HP’s corporate slogan is “HP invents”, and when you look at the list of unique features incorporated into the design of the top-of-the-range 6.2 megapixel R717 you know it’s not kidding. Although from the outside it doesn’t look much different to many of the other compact digital cameras on the market, the R717 is packed with advanced technology designed to help you take better pictures. Considering the price tag of just £175, there’s more going on behind its sleek brushed steel face than many cameras costing twice as much.
At the top of the list is HP’s innovative Adaptive Lighting Technology. As I briefly explained in the review of the HP M417 a few weeks ago, this is an image processing technology that is unique to HP, and features in most of the company’s higher-end models.
One of the problems that digital cameras have when compared to their film counterparts is a lack of dynamic range, best described as the ability to capture both shadow and highlight detail in the same shot.

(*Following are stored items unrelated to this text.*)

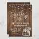 Cette conception présente un fond en bois rustique avec des guirlandes lumineuses suspendues et des pots Mason vintage et des fleurs. Personnalisez ceci pour n'importe quelle occasion, mais idéal pour un faire-part de mariage pour un mariage champêtre à venir !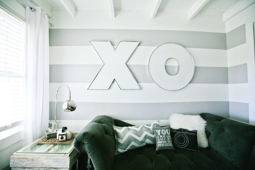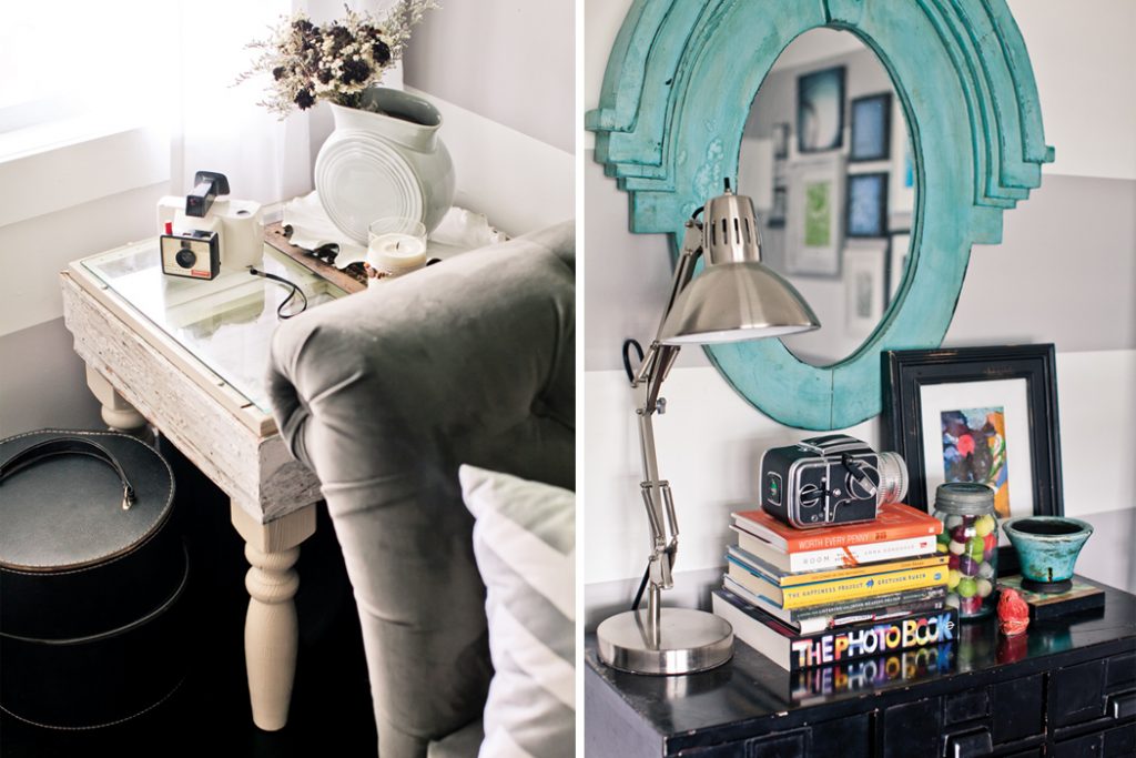 Her initial design challenge was to make 900 square feet seem more spacious. Shea and her father began with the ceiling, unveiling original beams under old drywall. Coats of white paint on the ceiling and walls created a blank canvas, instant airiness, and a striking contrast to the dyed ebony floors.
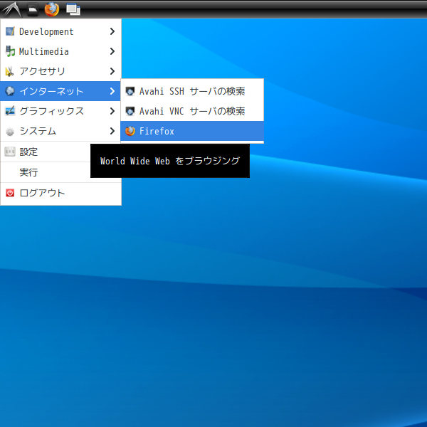 1. 概要 ブラウザとして、「Firefox」を使用します。 「Firefox」は、デフォルトでインストールされています。 2. 起動 「スタート」→「インターネット」→「Firefox」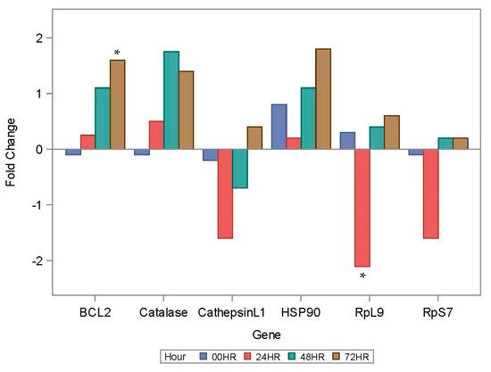 Acute heat exposure showing gene abundance (B-cell lymphoma 2 apoptosis regulator (BCL-2), Catalase, CathepsingL1, heat shock protein 90 (HSP90), Ribosomal protein L9 (RpL9), and ribosomal protein S7 (RpS7)) expressed over a 72-h period. Data expressed as ‘fold change’ defined as the concentration difference between the control and the particular gene being examined. Star “*” denotes statistically significant (p ≤ 0.05) data.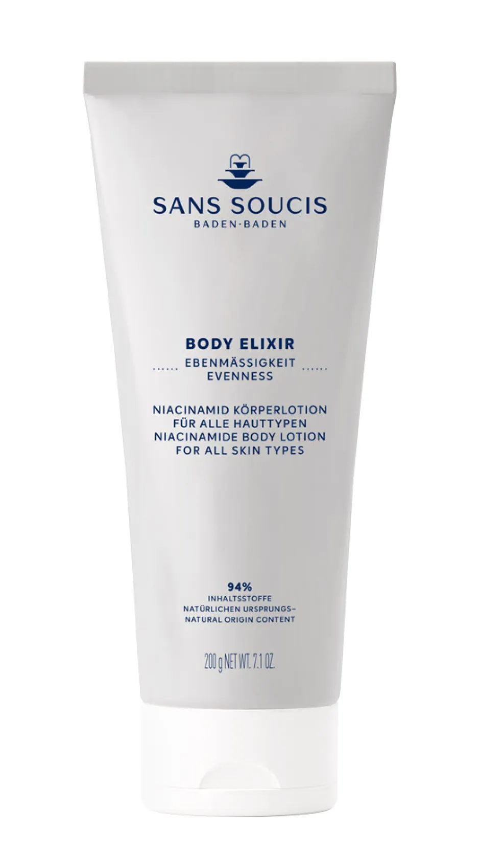 Die Sans Soucis Niacinamid Körperlotion verleiht Ihrer Haut eine außergewöhnliche Geschmeidigkeit und sorgt für ein ebenmäßiges Hautbild. Dank der hochwertigen Kombination aus Niacinamid und dem berühmten Thermalwasser aus Baden-Baden werden Hautunregelmäßigkeiten spürbar gemildert. Die spezielle Formulierung wirkt der Entstehung von Pigmentflecken gezielt entgegen und bringt Ihre Haut zum Strahlen. Mit der wohltuenden Wirkung von Panthenol wird die Haut beruhigt, leichte Rötungen klingen ab und ein harmonisches Gleichgewicht wird wiederhergestellt. Die tägliche Anwendung dieser feinen Lotion unterstützt Sie darin, ein verfeinertes und ausgeglichenes Hautbild zu erreichen. Denken Sie daran, Ihre Haut tagsüber vor der Sonne zu schützen, um die Wirkung optimal zu unterstützen.
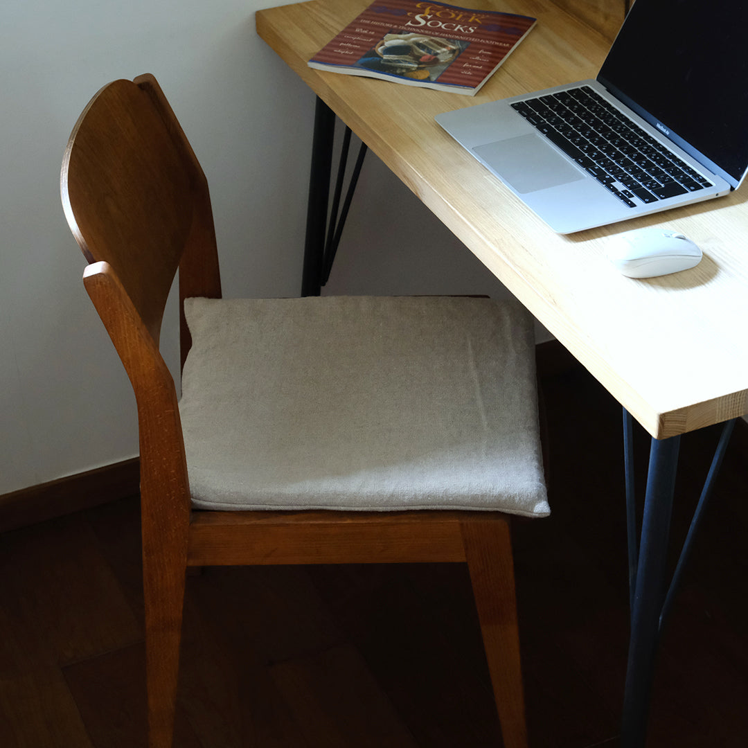 「夫がもし使わなければ自分で使おうと思ってましたが、座面が木の板の椅子に合わせて、夫が一日中使用しています。薄いので椅子との一体感がありそうだったところも選んだポイント。毎日使用して半年以上経つのですが、へたった様子もないです」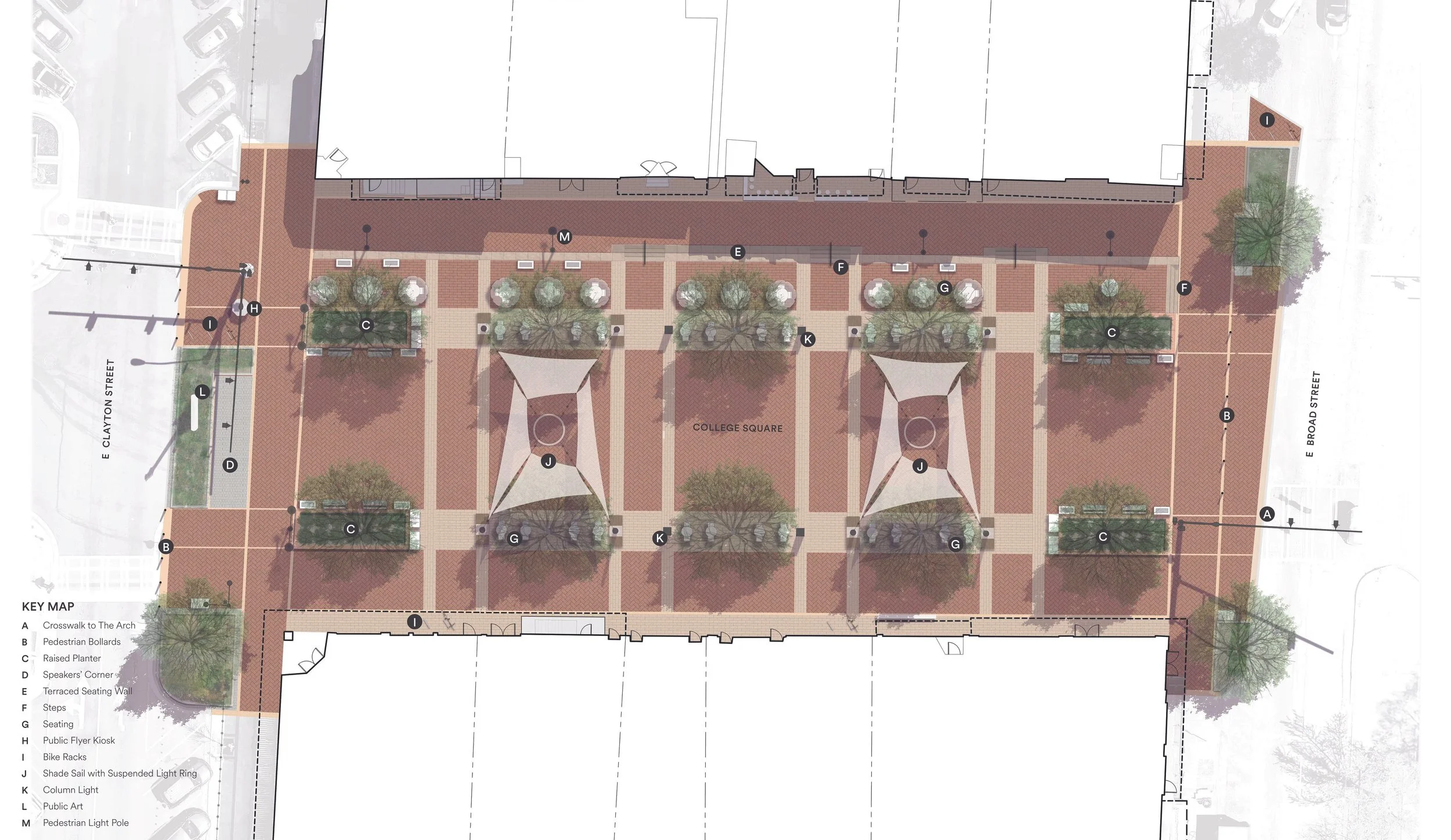 The transformation of College Square will yield a pedestrian-friendly public open space that supports the vitality of downtown and fosters a strong connection between the University of Georgia and the city of Athens.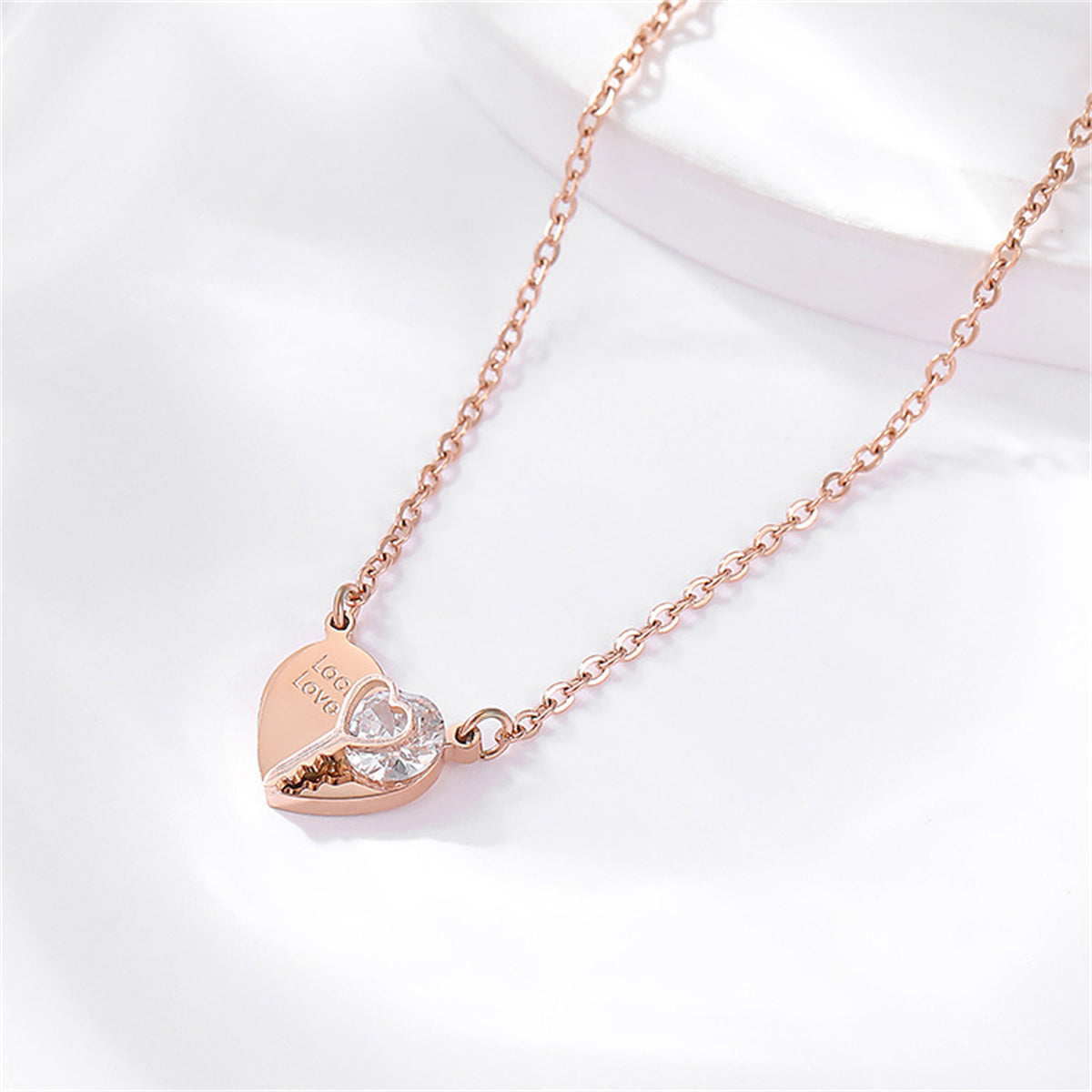 18k rose gold-plated necklace with heart pendant and cubic zirconia key for charming accents.

Adaptive Lighting overcomes this problem in a simple and ingenious way. When it is activated the camera captures two images of the same scene simultaneously, one exposed for the highlights and the other exposed for the shadows. The camera then seamlessly combines them into one image with greater effective dynamic range than either alone. It’s simple, and as you can see from the accompanying sample shots, it works extremely well, at least under relatively normal circumstances.
The second clever piece of technical jiggery-pokery is the in-camera automatic red-eye removal. Red-eye is most often seen on close-range flash shots of people’s faces. It is caused by light from the built-in flash entering the eye through the night-adapted dilated pupil and bouncing off the blood-rich cornea at the back of the eye.
The R717 can automatically detect the presence of red eyes and paint them over with small black circles. It has to be said that the result isn’t as good as manually correcting red-eye in a good image editing program, but it does work surprisingly well.
That’s not all though. The R717 also has automatic in-camera panorama stitching with on-screen preview, an adaptive white balance system that identifies the type of light being used and automatically compensates to ensure accurate colour balance, adaptive tone mapping which individually optimizes each image for contrast, colour and brightness, and something called ‘automatic adaptive demosaic’, which helps to remove colour fringing from high-contrast edges.
Fortunately all this technology is simple to operate, but if you get stuck or just need some advice on taking pictures the R717 also features a built-in help file, with explanations of all the camera’s controls and how to use them, as well as general tips on picture shooting, printing, downloading and sharing your pictures. This is such a good idea I don’t know why other manufacturers don’t include a similar feature on their cameras.